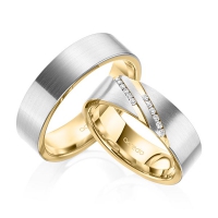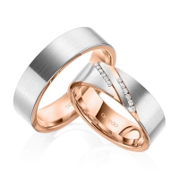 Paar Trauringe/Eheringe von acredo in aussen Weissgold 585/- , innen Rotgold 585/- Oberfläche: längsmatt, poliert mit zus. 0,12 ct. Brillant tw, si (Produkt 1 mit Steinbesatz, Produkt 2 ohne Steinbesatz)
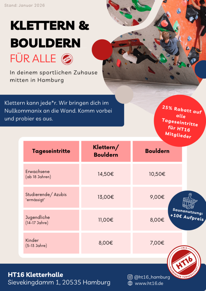Nachstehend findest du unsere Preise in der Kletter- und Boulderhalle.
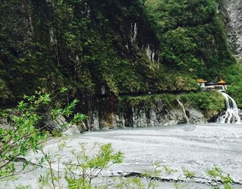 在太鲁阁公园一个很特别的祠,在山上,旁边有瀑布,景色特别美丽在太鲁阁公园一个很特别的祠,在山上,旁边有瀑布,景色特别美丽。游客一般被安排在祠下面的观景台欣赏,因为祠下有湍急的喝酒,碎石很多,不方便走进去。
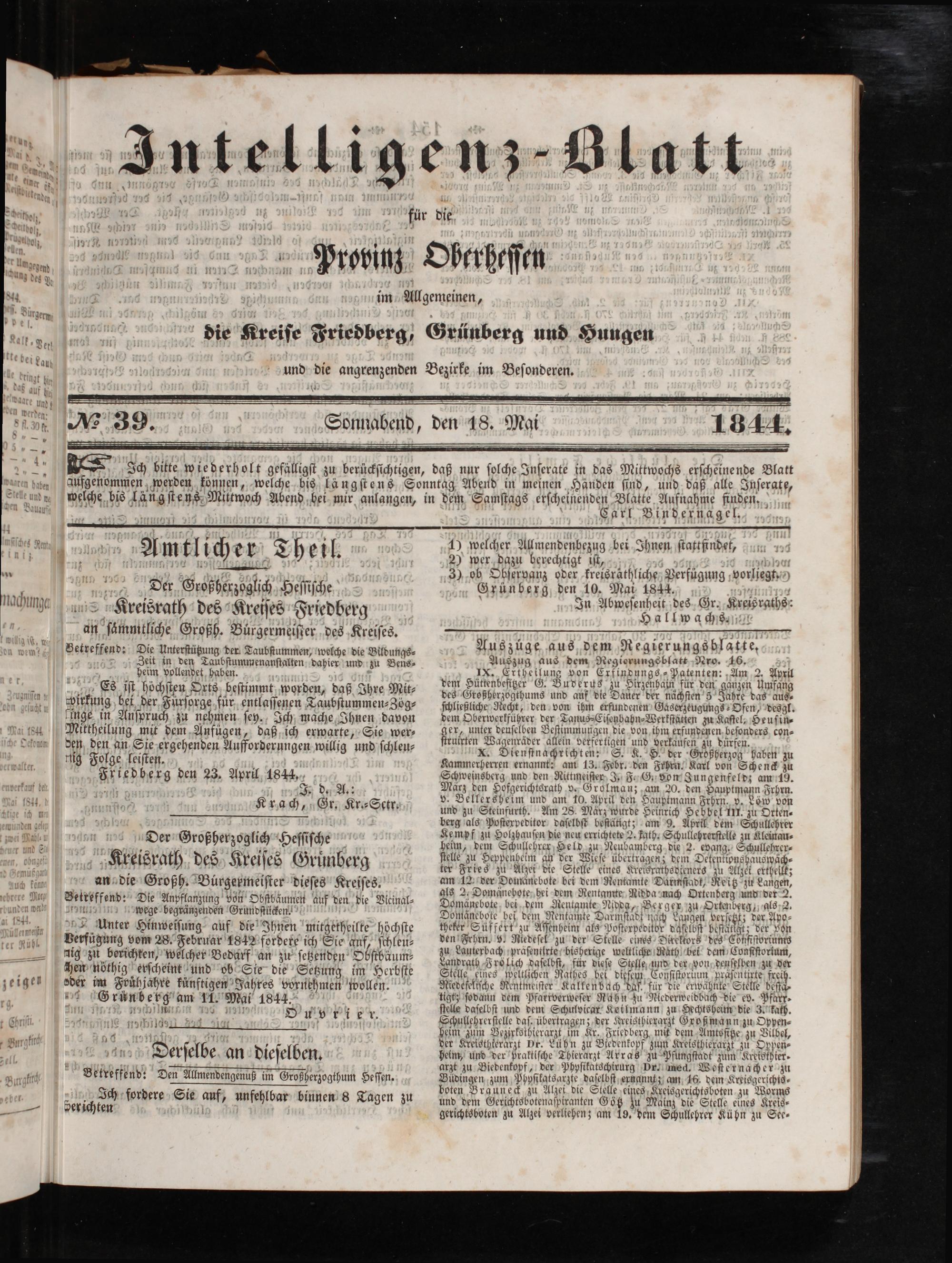 Intelligenzblatt für die Provinz Oberhessen. 1834-1834
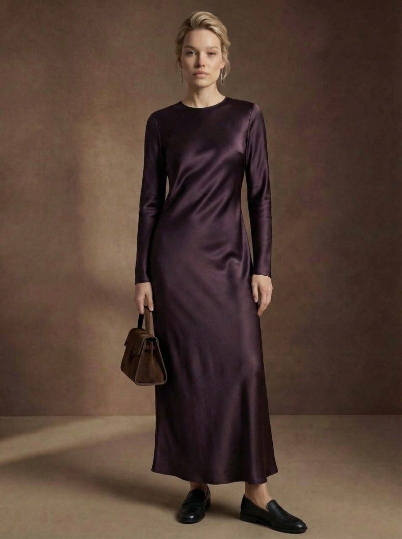 Роскошное платье из мягкого атласа в насыщенном и глубоком цвете. Модель вытягивает силуэт и делает фигуру визуально стройнее благодаря крою
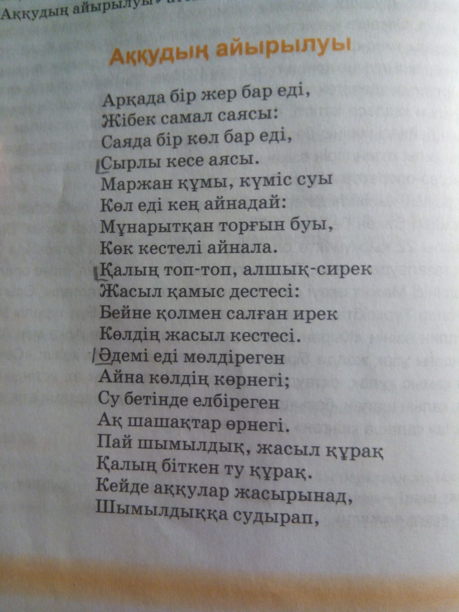 существительные:жер,қамыс,су, шашақтар,аққулар,жібек,құстар,су,көл,қаз,шағала
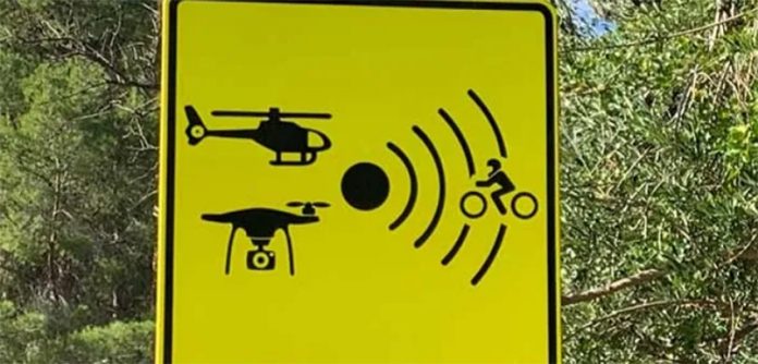 Saobraćajni znak najavljuje da prometne propise nadgledaju dronovi pa čak i helikopteri.
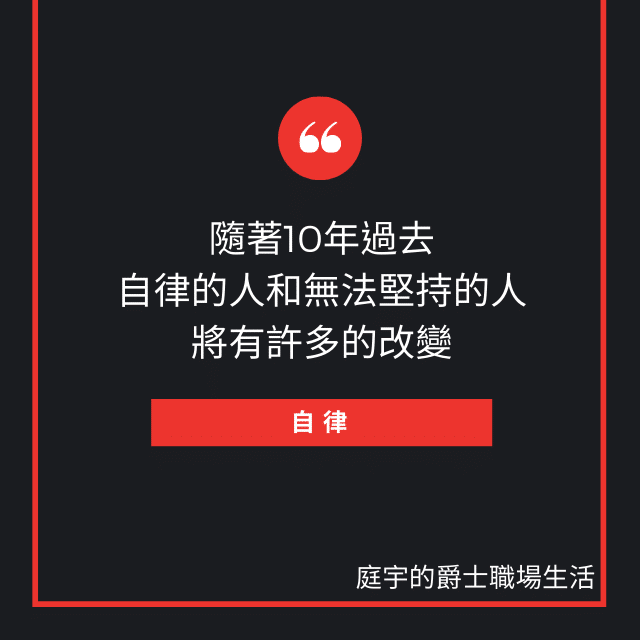 比爾蓋茨在 1996 年寫道:「我們總是高估未來兩年將發生的變化,而低估未來十年將發生的變化。不要讓自己陷入無所作為。」自律可帶來的改變,在隨著時間移動下,會造成更大的變化。
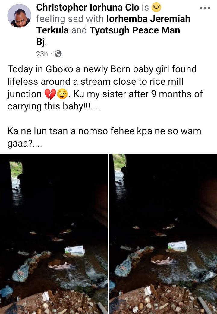 The post Newborn baby found d3ad in stream in Gboko appeared first on Linda Ikeji Blog.
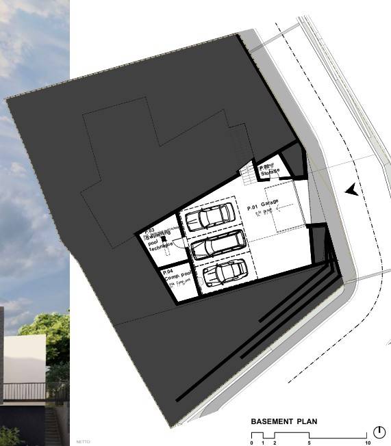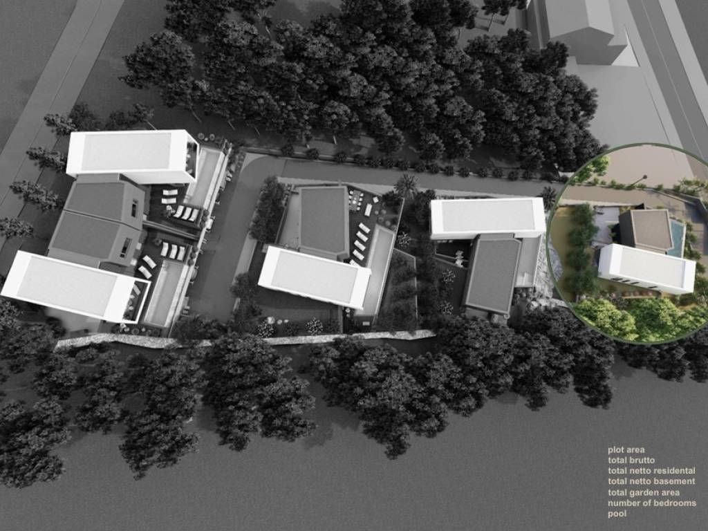 Villa "A" is the first in line and is located on a total land area of 599 m2. It consists of a basement, which also functions as a garage, a ground floor, and a flat roof.
━━━━━━━━━━━━━━━━
▶ [Required action] Repeat the line that contains "Nachstehend findest du" and each line after it, through the last line of the listing, exactly and alone; pictures stay out of the repeat.

▶ [Solution]
Nachstehend findest du unsere Preise in der Kletter- und Boulderhalle.
 在太鲁阁公园一个很特别的祠,在山上,旁边有瀑布,景色特别美丽在太鲁阁公园一个很特别的祠,在山上,旁边有瀑布,景色特别美丽。游客一般被安排在祠下面的观景台欣赏,因为祠下有湍急的喝酒,碎石很多,不方便走进去。
 Intelligenzblatt für die Provinz Oberhessen. 1834-1834
 Роскошное платье из мягкого атласа в насыщенном и глубоком цвете. Модель вытягивает силуэт и делает фигуру визуально стройнее благодаря крою
 существительные:жер,қамыс,су, шашақтар,аққулар,жібек,құстар,су,көл,қаз,шағала
 Saobraćajni znak najavljuje da prometne propise nadgledaju dronovi pa čak i helikopteri.
 比爾蓋茨在 1996 年寫道:「我們總是高估未來兩年將發生的變化,而低估未來十年將發生的變化。不要讓自己陷入無所作為。」自律可帶來的改變,在隨著時間移動下,會造成更大的變化。
 The post Newborn baby found d3ad in stream in Gboko appeared first on Linda Ikeji Blog.
 Villa "A" is the first in line and is located on a total land area of 599 m2. It consists of a basement, which also functions as a garage, a ground floor, and a flat roof.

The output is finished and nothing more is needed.